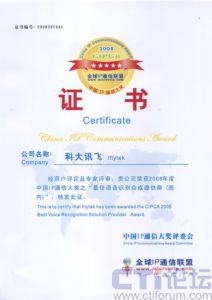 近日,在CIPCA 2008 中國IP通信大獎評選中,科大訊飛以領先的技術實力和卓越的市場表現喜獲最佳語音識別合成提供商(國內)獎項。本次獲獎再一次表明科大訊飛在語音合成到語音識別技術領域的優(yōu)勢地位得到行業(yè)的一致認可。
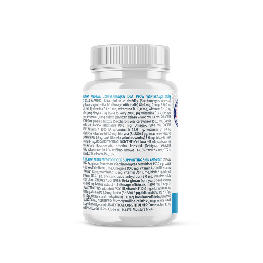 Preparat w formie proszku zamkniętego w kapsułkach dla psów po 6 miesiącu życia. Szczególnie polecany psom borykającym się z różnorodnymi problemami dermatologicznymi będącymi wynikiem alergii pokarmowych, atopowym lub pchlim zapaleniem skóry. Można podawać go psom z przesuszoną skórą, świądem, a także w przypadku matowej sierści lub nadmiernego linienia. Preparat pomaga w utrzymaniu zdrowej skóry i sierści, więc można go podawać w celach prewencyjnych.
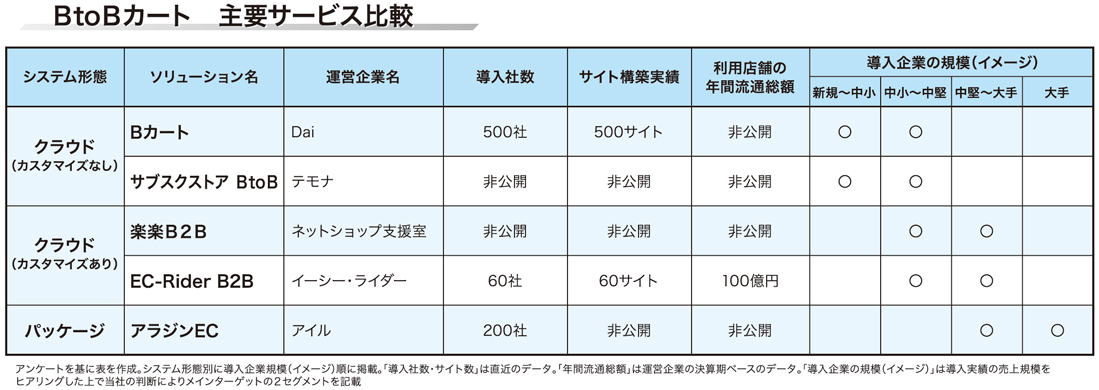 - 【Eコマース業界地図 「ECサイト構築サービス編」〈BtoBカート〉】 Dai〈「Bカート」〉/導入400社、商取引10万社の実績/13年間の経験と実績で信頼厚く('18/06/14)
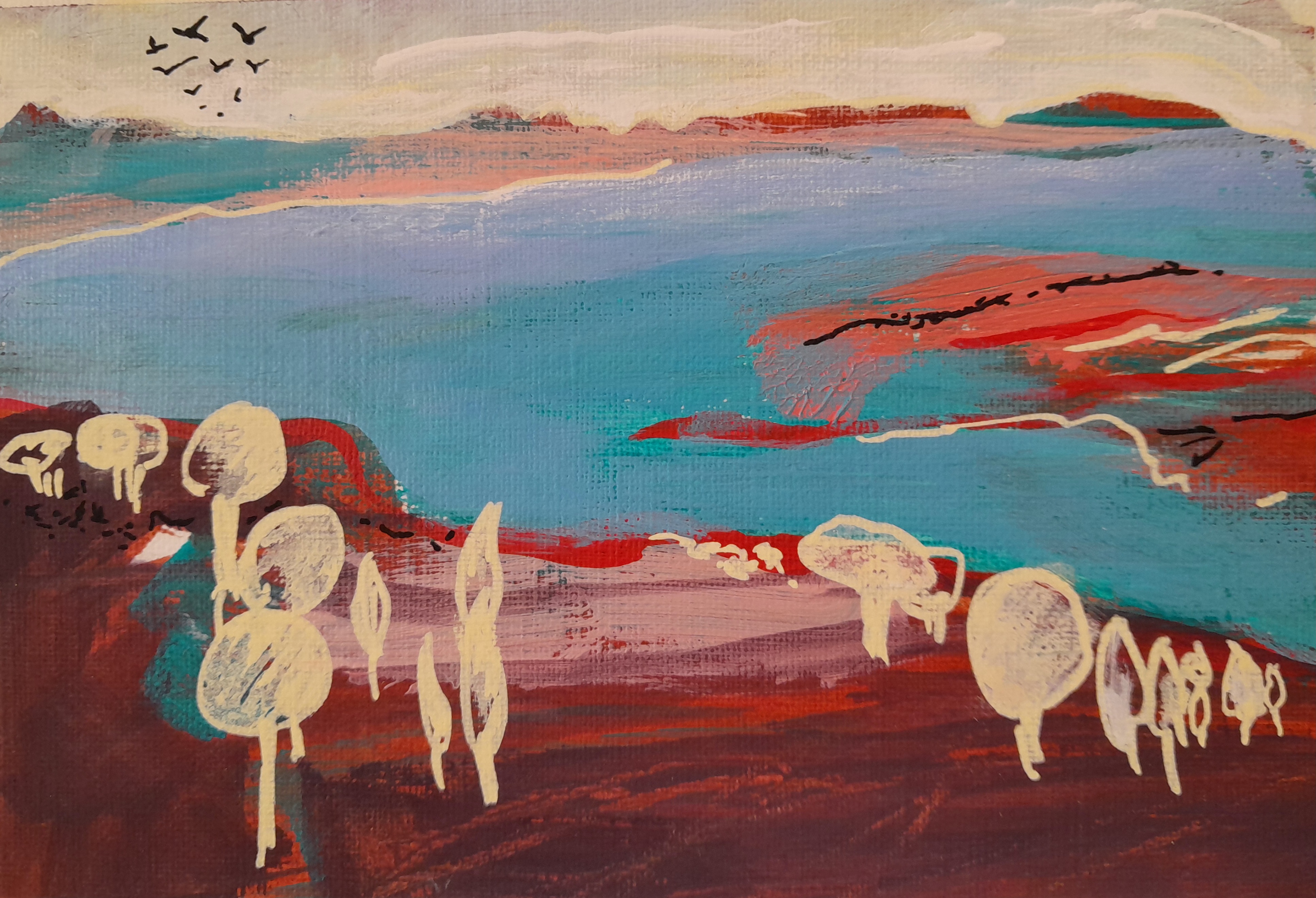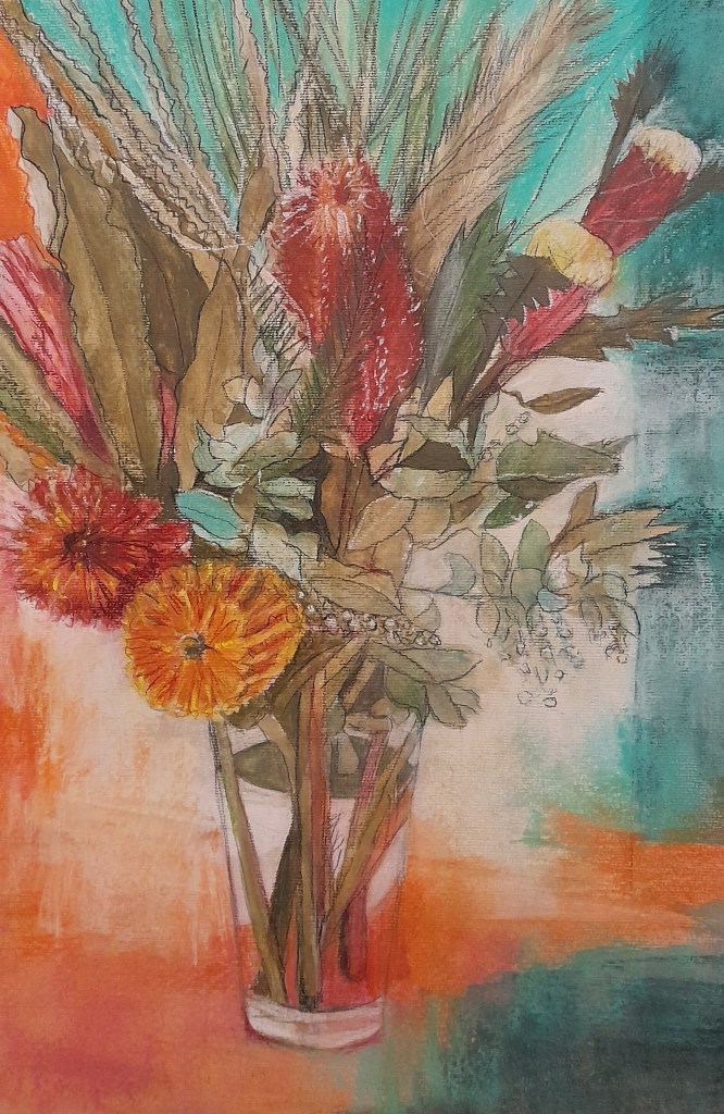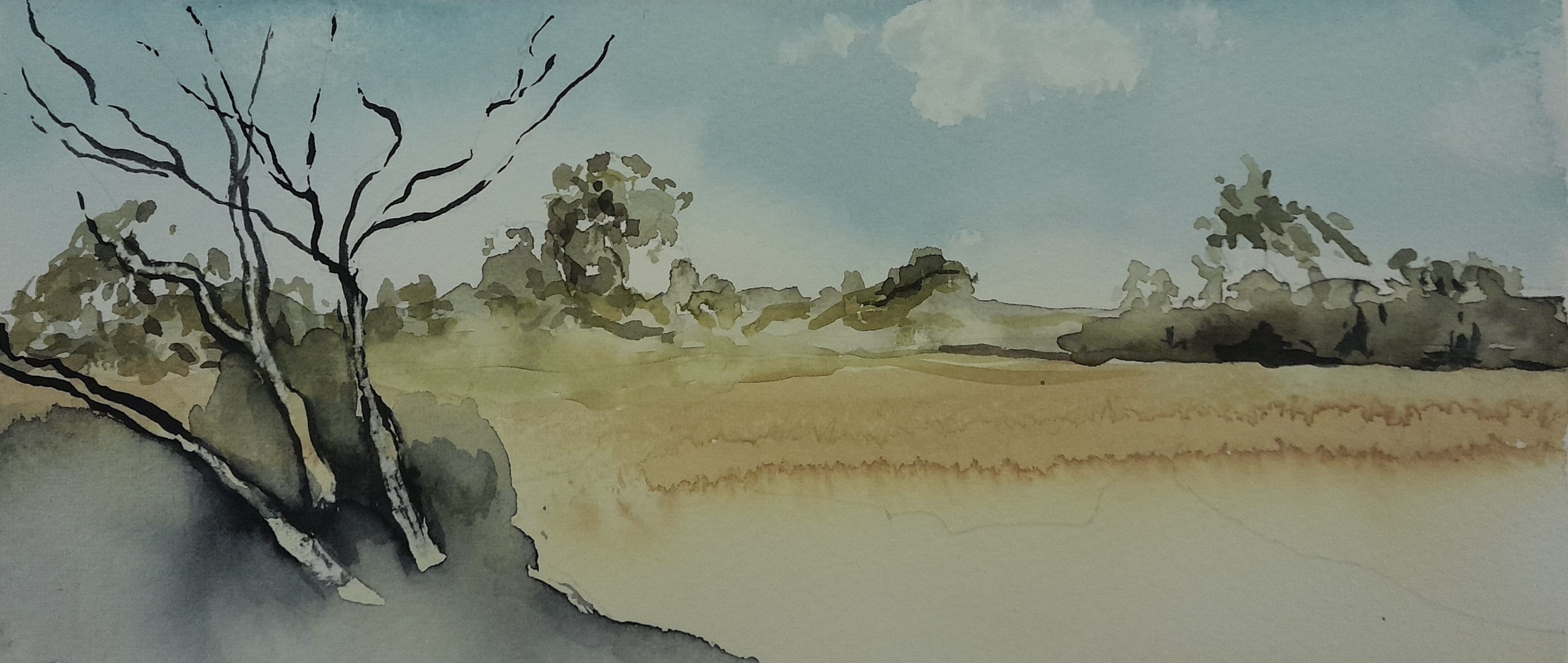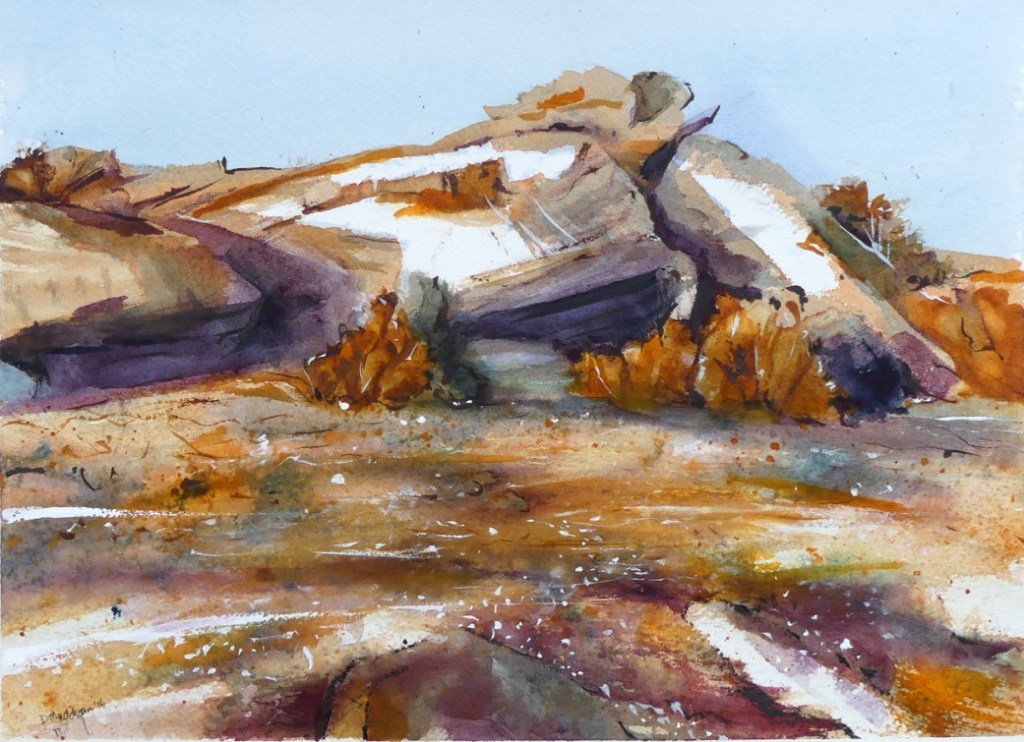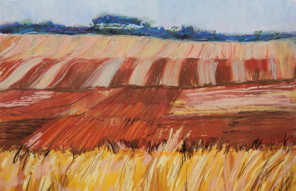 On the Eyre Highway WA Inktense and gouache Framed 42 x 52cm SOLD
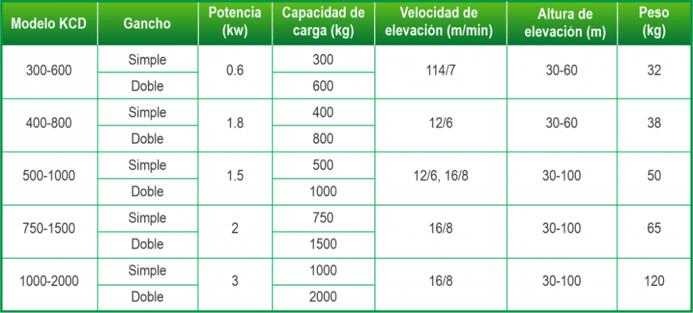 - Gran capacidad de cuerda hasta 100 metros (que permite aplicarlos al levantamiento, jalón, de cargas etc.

Work request: Print the entries above exactly, leaving pictures out.

Solution to the exercise:
 近日,在CIPCA 2008 中國IP通信大獎評選中,科大訊飛以領先的技術實力和卓越的市場表現喜獲最佳語音識別合成提供商(國內)獎項。本次獲獎再一次表明科大訊飛在語音合成到語音識別技術領域的優(yōu)勢地位得到行業(yè)的一致認可。
 Preparat w formie proszku zamkniętego w kapsułkach dla psów po 6 miesiącu życia. Szczególnie polecany psom borykającym się z różnorodnymi problemami dermatologicznymi będącymi wynikiem alergii pokarmowych, atopowym lub pchlim zapaleniem skóry. Można podawać go psom z przesuszoną skórą, świądem, a także w przypadku matowej sierści lub nadmiernego linienia. Preparat pomaga w utrzymaniu zdrowej skóry i sierści, więc można go podawać w celach prewencyjnych.
 - 【Eコマース業界地図 「ECサイト構築サービス編」〈BtoBカート〉】 Dai〈「Bカート」〉/導入400社、商取引10万社の実績/13年間の経験と実績で信頼厚く('18/06/14)
 On the Eyre Highway WA Inktense and gouache Framed 42 x 52cm SOLD
 - Gran capacidad de cuerda hasta 100 metros (que permite aplicarlos al levantamiento, jalón, de cargas etc.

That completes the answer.